▸ What is needed
Pictures aside, print all of the data below exactly as written.

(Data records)
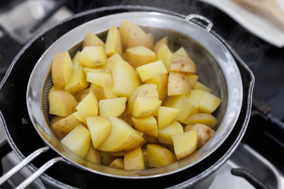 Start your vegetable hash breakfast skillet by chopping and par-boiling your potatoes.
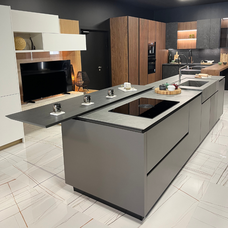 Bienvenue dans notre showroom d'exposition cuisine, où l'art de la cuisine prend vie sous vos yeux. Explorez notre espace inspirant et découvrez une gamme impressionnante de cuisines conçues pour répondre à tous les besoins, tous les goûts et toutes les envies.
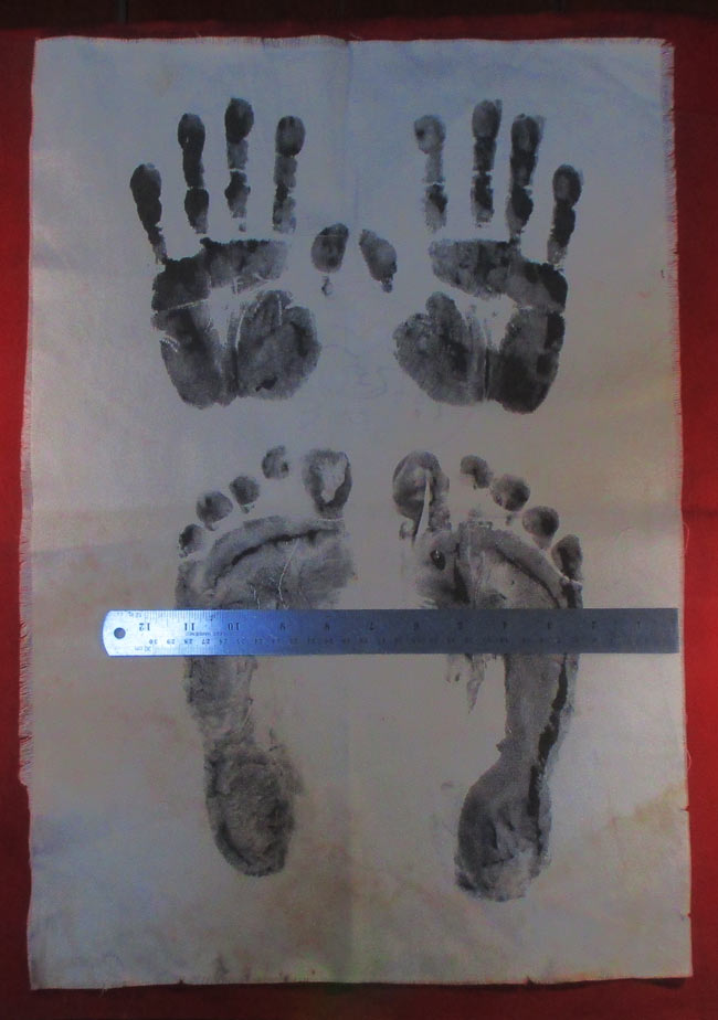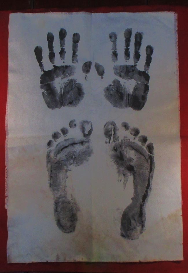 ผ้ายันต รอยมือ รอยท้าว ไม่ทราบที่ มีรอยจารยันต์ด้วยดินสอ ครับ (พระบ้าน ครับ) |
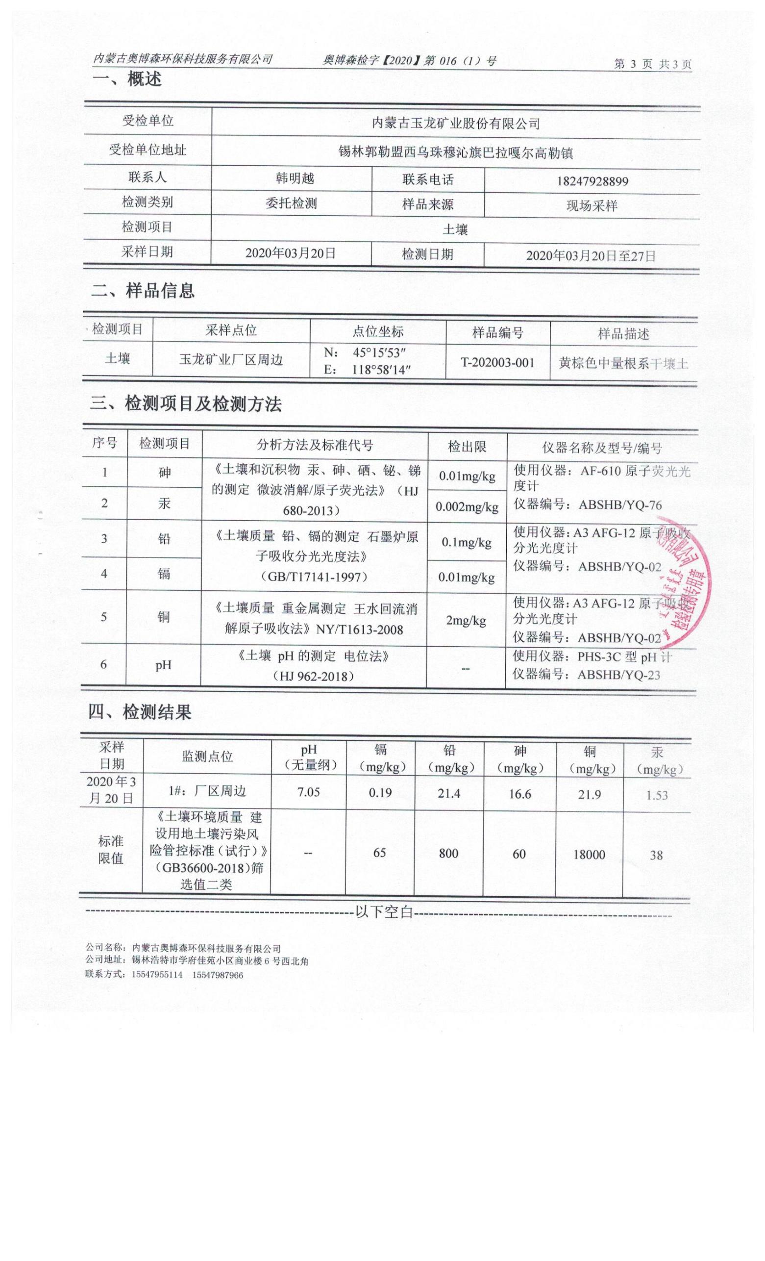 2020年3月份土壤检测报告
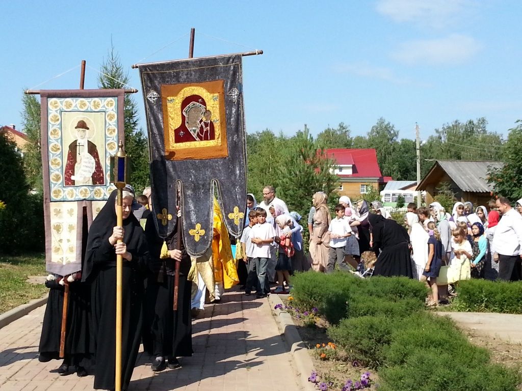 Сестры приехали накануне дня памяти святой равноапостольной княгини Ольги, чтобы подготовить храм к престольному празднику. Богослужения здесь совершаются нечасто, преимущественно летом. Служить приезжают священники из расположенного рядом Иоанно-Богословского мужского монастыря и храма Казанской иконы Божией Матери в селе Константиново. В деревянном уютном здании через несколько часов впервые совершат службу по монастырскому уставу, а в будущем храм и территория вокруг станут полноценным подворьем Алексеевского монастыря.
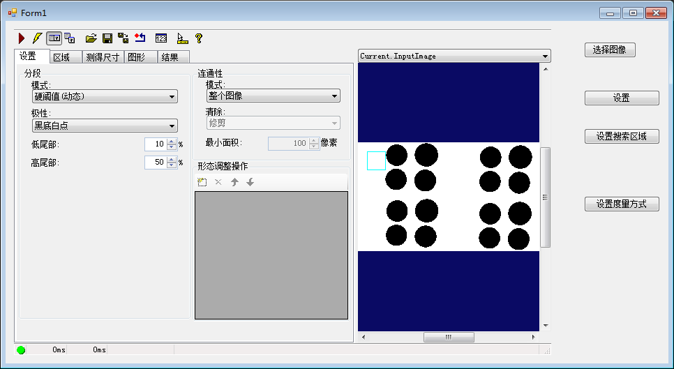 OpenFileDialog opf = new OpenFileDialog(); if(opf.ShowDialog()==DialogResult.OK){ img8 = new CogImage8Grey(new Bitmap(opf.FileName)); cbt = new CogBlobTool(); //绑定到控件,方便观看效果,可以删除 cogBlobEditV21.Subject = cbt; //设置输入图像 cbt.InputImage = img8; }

▸ Reply to the task
 Start your vegetable hash breakfast skillet by chopping and par-boiling your potatoes.
 Bienvenue dans notre showroom d'exposition cuisine, où l'art de la cuisine prend vie sous vos yeux. Explorez notre espace inspirant et découvrez une gamme impressionnante de cuisines conçues pour répondre à tous les besoins, tous les goûts et toutes les envies.
 ผ้ายันต รอยมือ รอยท้าว ไม่ทราบที่ มีรอยจารยันต์ด้วยดินสอ ครับ (พระบ้าน ครับ) |
 2020年3月份土壤检测报告
 Сестры приехали накануне дня памяти святой равноапостольной княгини Ольги, чтобы подготовить храм к престольному празднику. Богослужения здесь совершаются нечасто, преимущественно летом. Служить приезжают священники из расположенного рядом Иоанно-Богословского мужского монастыря и храма Казанской иконы Божией Матери в селе Константиново. В деревянном уютном здании через несколько часов впервые совершат службу по монастырскому уставу, а в будущем храм и территория вокруг станут полноценным подворьем Алексеевского монастыря.
 OpenFileDialog opf = new OpenFileDialog(); if(opf.ShowDialog()==DialogResult.OK){ img8 = new CogImage8Grey(new Bitmap(opf.FileName)); cbt = new CogBlobTool(); //绑定到控件,方便观看效果,可以删除 cogBlobEditV21.Subject = cbt; //设置输入图像 cbt.InputImage = img8; }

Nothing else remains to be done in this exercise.